I wrote several statements on three-by-five file cards and repeated them several times a day.

Here are examples:
  • I am loveable.
  • I am worthwhile.
  • God created me lovable.
  • I like who I am and accept who I am.
  • I lovingly embrace every part of myself.
Weeks passed before the truth of those new messages slowly sank in. Today I can say those words with a smile on my face. I truly like Cec.

The residual effect has been that as I’ve become more accepting of myself it shows up by my being more compassionate and less judgmental of others.

Collateral Damage

The term collateral damage began as a military term to refer to damage done to civilians or unintended targets in warfare. Today, most of us understand it means the undesired consequences of horrific events. For survivors, it’s the harm done to those within our circle, especially family members.

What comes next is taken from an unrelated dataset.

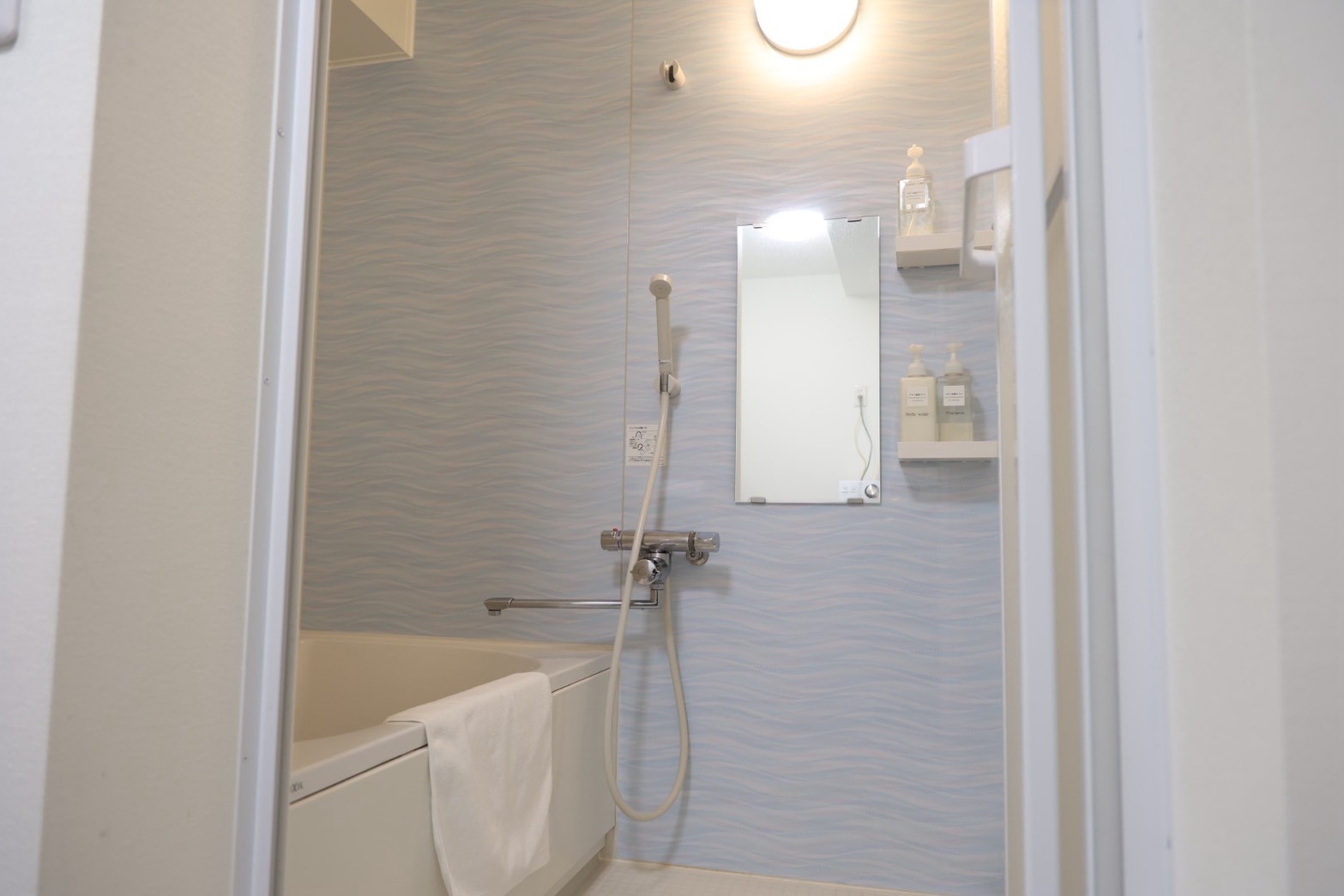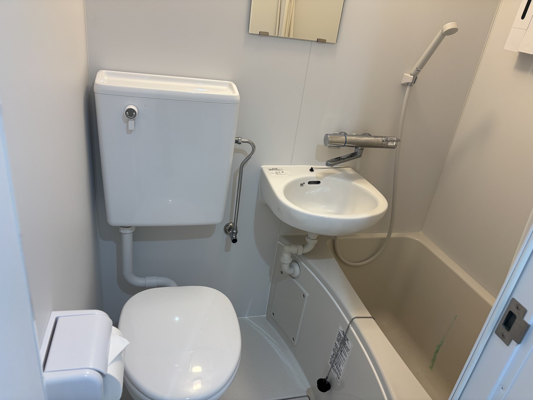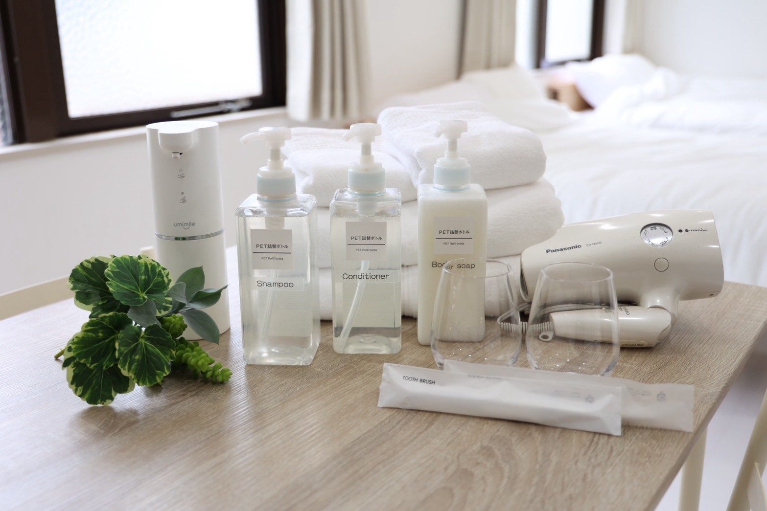共有洗濯機(無料)、ドライヤー、シャンプー、ボディーソープ、バスタオル、歯ブラシを完備し、無料Wi-Fi、地上・BSデジタルテレビ、温水洗浄便座も備えています。

In my own journey, I can think of nothing more difficult for me than speaking to my family of origin about the abuse during my childhood and then informing my own children. The first was more difficult because I assumed they, like me, lived with denial. To my surprise, my three older sisters either said, “I knew” or “I suspected.”

My own children, again to my surprise, handled it well. The thing about which I’m grateful is that I never took my molestation to the next generation—that is, did to them what was done to me.

I’m grateful I caused no collateral damage for my children.